To do:
These records contain pictures, which must be left out; copy exactly the lines from the one with "På den måde" up to and including the one with "Дърпането на автобуси".

Data listing below:

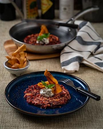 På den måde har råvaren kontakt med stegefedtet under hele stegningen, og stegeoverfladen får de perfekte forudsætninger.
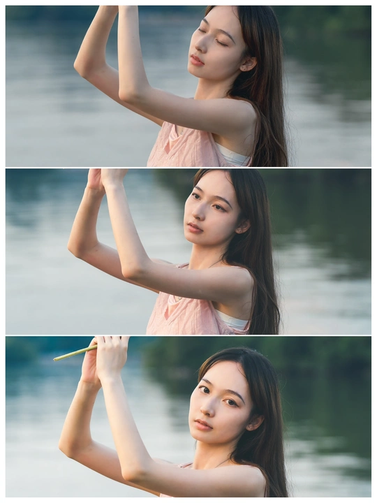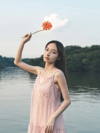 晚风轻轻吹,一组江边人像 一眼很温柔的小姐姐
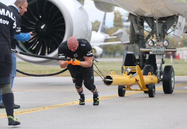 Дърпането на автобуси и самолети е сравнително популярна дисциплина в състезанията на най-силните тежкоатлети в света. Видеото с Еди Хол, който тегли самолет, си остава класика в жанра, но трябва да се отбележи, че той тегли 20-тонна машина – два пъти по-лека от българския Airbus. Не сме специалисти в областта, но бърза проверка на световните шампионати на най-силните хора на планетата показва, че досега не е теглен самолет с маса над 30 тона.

End of Data listing.
Data listing below:

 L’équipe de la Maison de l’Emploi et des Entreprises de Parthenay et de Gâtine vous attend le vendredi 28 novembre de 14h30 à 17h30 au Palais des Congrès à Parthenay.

End of Data listing.
Data listing below:

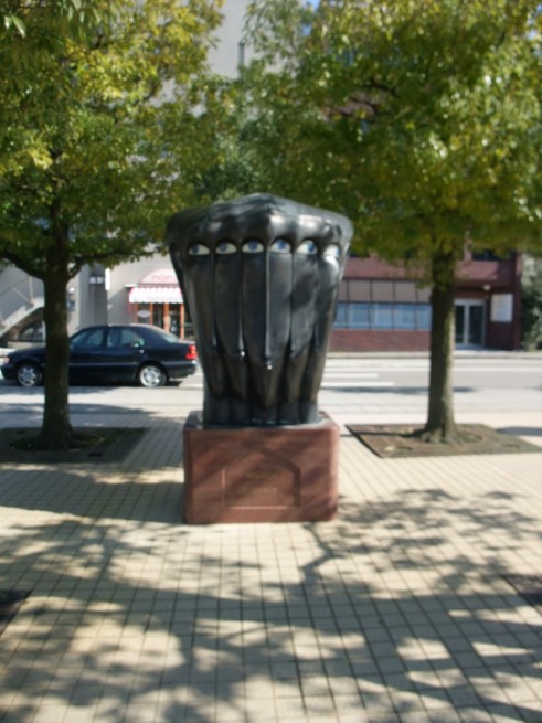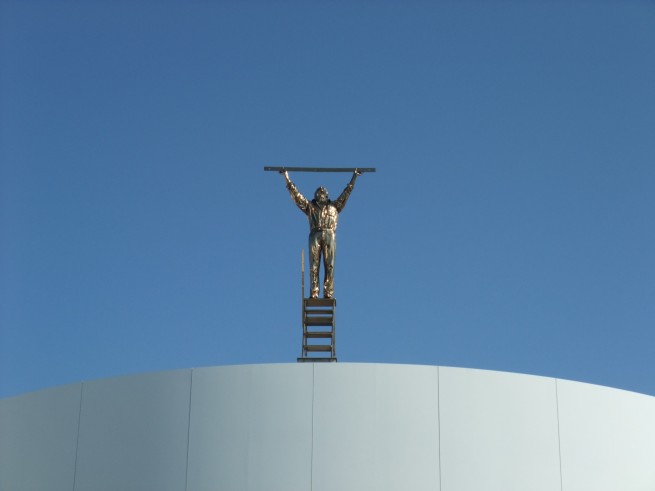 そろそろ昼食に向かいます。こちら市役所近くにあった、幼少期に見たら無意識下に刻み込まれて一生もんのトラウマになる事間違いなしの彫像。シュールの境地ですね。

End of Data listing.

Reply to the task:
 På den måde har råvaren kontakt med stegefedtet under hele stegningen, og stegeoverfladen får de perfekte forudsætninger.
 晚风轻轻吹,一组江边人像 一眼很温柔的小姐姐
 Дърпането на автобуси и самолети е сравнително популярна дисциплина в състезанията на най-силните тежкоатлети в света. Видеото с Еди Хол, който тегли самолет, си остава класика в жанра, но трябва да се отбележи, че той тегли 20-тонна машина – два пъти по-лека от българския Airbus. Не сме специалисти в областта, но бърза проверка на световните шампионати на най-силните хора на планетата показва, че досега не е теглен самолет с маса над 30 тона.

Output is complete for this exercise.